After finding the line with "Aerial view of", restate it and each remaining line of the material word for word, omitting every picture.

───── Data to examine ─────

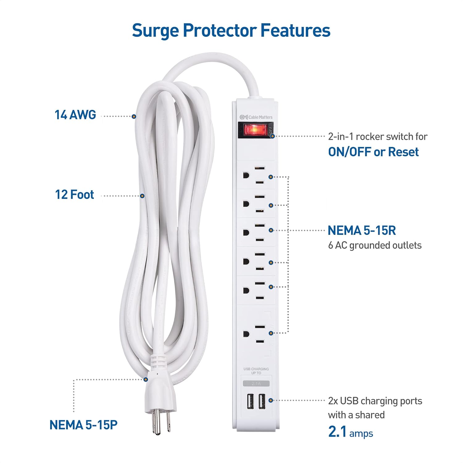 Cable Matters 2-Pack 6 Outlet Surge Protector Power Strip with USB Charging PortsCable Matters 2-Pack 6 Outlet Surge Protector Power Strip with USB Charging Ports
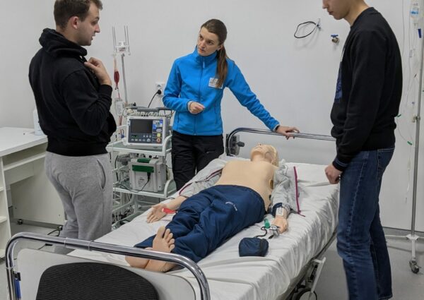Детальний моніторинг та діагностика порушень ритму, ЕКГ в 12-ти відведеннях у постраждалого. Разом з сертифікованим інструктором учасники дискутують, щоб зрозуміти краще матеріал.
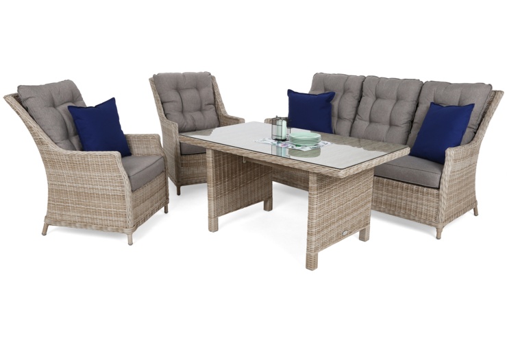 Meble ogrodowe Alicante, to nowoczesny zestaw wypoczynkowy, który z łatwością pomieści 5-6 osób. Doskonały do organizowania letnich spotkań, zarówno na świeżym powietrzu jak i w domu. Wysoki profil oparcia kompletu pozwala na większy komfort siedzenia nawet dla wysokich osób. Zestaw składa się z sofy, 2 foteli oraz stołu z hartowaną szybą. Konstrukcja aluminiowa została pokryta ręcznie wyplatanym technorattanem, o fakturze wikliny, dzięki czemu mebel wygląda bardzo naturalnie i estetycznie. Wysokie oparcia foteli oraz sofy, zapewniają wysoki komfort podczas siedzenia. Poduszki wykonane są z poliestru, co czyni je odpornymi na niekorzystne warunki atmosferyczne oraz chroni przed działaniem wody. Łatwo je ściągnąć i poddać zabiegowi czyszczenia. Zestaw Alicante to propozycja dla osób o wysublimowanym guście, którzy cenią sobie, jakość i wygodę.
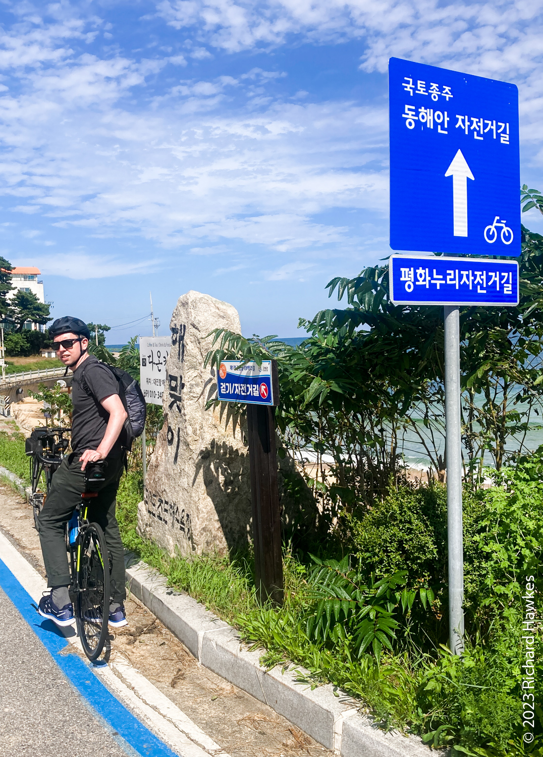 Gareth and I cycled 160 km from Daejin near the North Korean border, south to Donghae. We did a leisurely ~50 km a day. The route is along the 동해안 자전거길 (Donghae-an Cycle Path) and this trip was the end of September, 2023. This is part of the 4 Rivers / Cross-country cycle path network.
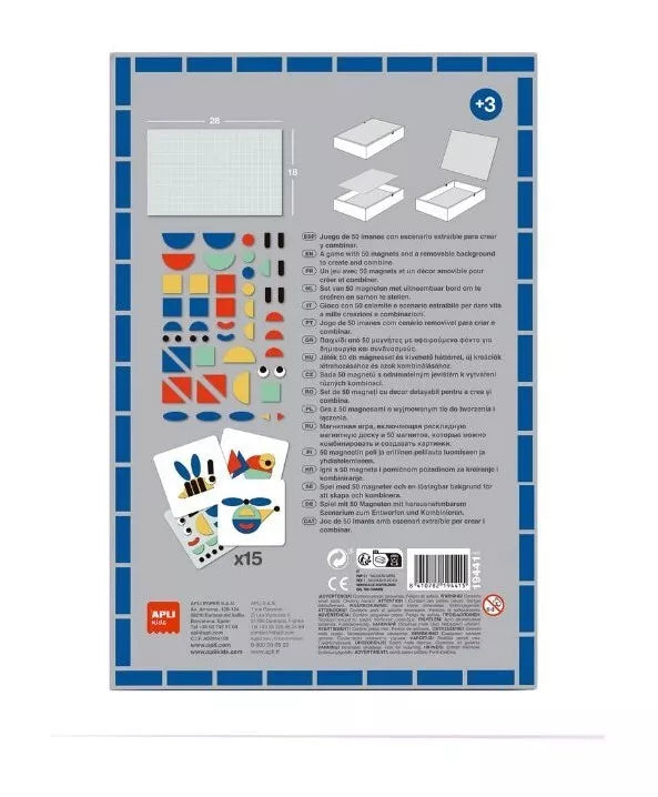 Magnetukai lengvai prisitvirtina prie specialios scenos, o 15 spalvingų pavyzdžių įkvepia žaisti ir eksperimentuoti. Galima dėlioti vieną ant kitos, maišyti spalvas, keisti formas – čia nėra taisyklių, tik begalinė kūryba ir džiaugsmas.
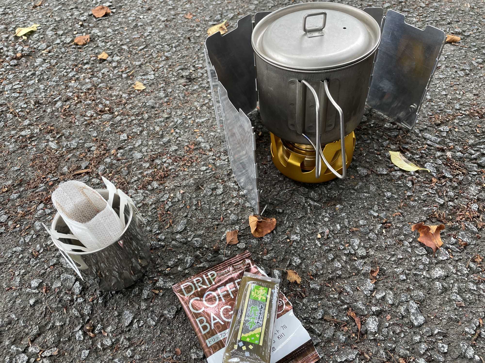 アルコールバーナーでのんびりとコーヒーを淹れます。それと、最近のお気に入りのミニ羊羹も。
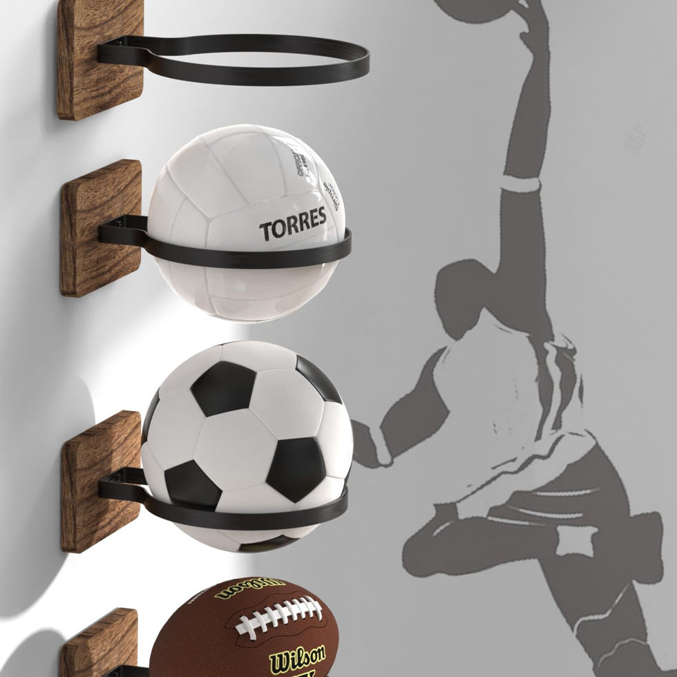 4 Pcs Wall Mount Basketball Holder with Wooden Base, Ball Storage
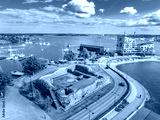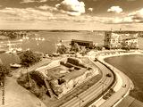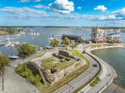 Aerial view of Stegeholm castle in Vastervik Sweden. Small ruined square shape stronghold controlling the water ways
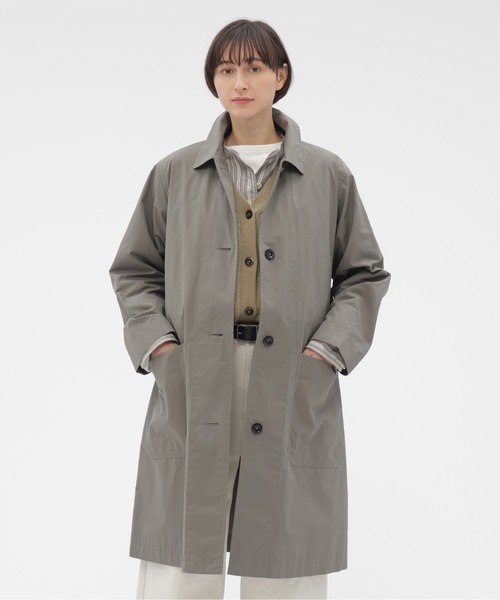 コットンの風合いをいかしつつ、高密度に織り上げた薄手のポプリン素材のコート。織りによる自然な凹凸感が涼しげな表情を生み、シャワープルーフ加工を施すことで、軽さと機能性を備えた仕上がり。大きな襟とAラインのスウィングシルエットが印象的なデザイン。ワークコートらしい腰ポケットや胸ポケットを配し、程よく効かせたパッカリングが軽やかな表情を添えるバランス。ドレスやスカートと合わせやすく、甘さを抑えたスタイリングを演出する一着。※こちらはMHL.SHOP・mix.tokyo限定の商品です。 ※こちらはウィメンズの商品です。▽お気に入り登録<商品のお気に入り登録>完売カラーの再入荷通知や、ラスト1点の通知、セールの通知も受け取ることができます。<ブランドのお気に入り登録>新商品や再入荷など、いち早くブランドの情報を受け取ることができます。

─────

Task answer:
 Aerial view of Stegeholm castle in Vastervik Sweden. Small ruined square shape stronghold controlling the water ways
 コットンの風合いをいかしつつ、高密度に織り上げた薄手のポプリン素材のコート。織りによる自然な凹凸感が涼しげな表情を生み、シャワープルーフ加工を施すことで、軽さと機能性を備えた仕上がり。大きな襟とAラインのスウィングシルエットが印象的なデザイン。ワークコートらしい腰ポケットや胸ポケットを配し、程よく効かせたパッカリングが軽やかな表情を添えるバランス。ドレスやスカートと合わせやすく、甘さを抑えたスタイリングを演出する一着。※こちらはMHL.SHOP・mix.tokyo限定の商品です。 ※こちらはウィメンズの商品です。▽お気に入り登録<商品のお気に入り登録>完売カラーの再入荷通知や、ラスト1点の通知、セールの通知も受け取ることができます。<ブランドのお気に入り登録>新商品や再入荷など、いち早くブランドの情報を受け取ることができます。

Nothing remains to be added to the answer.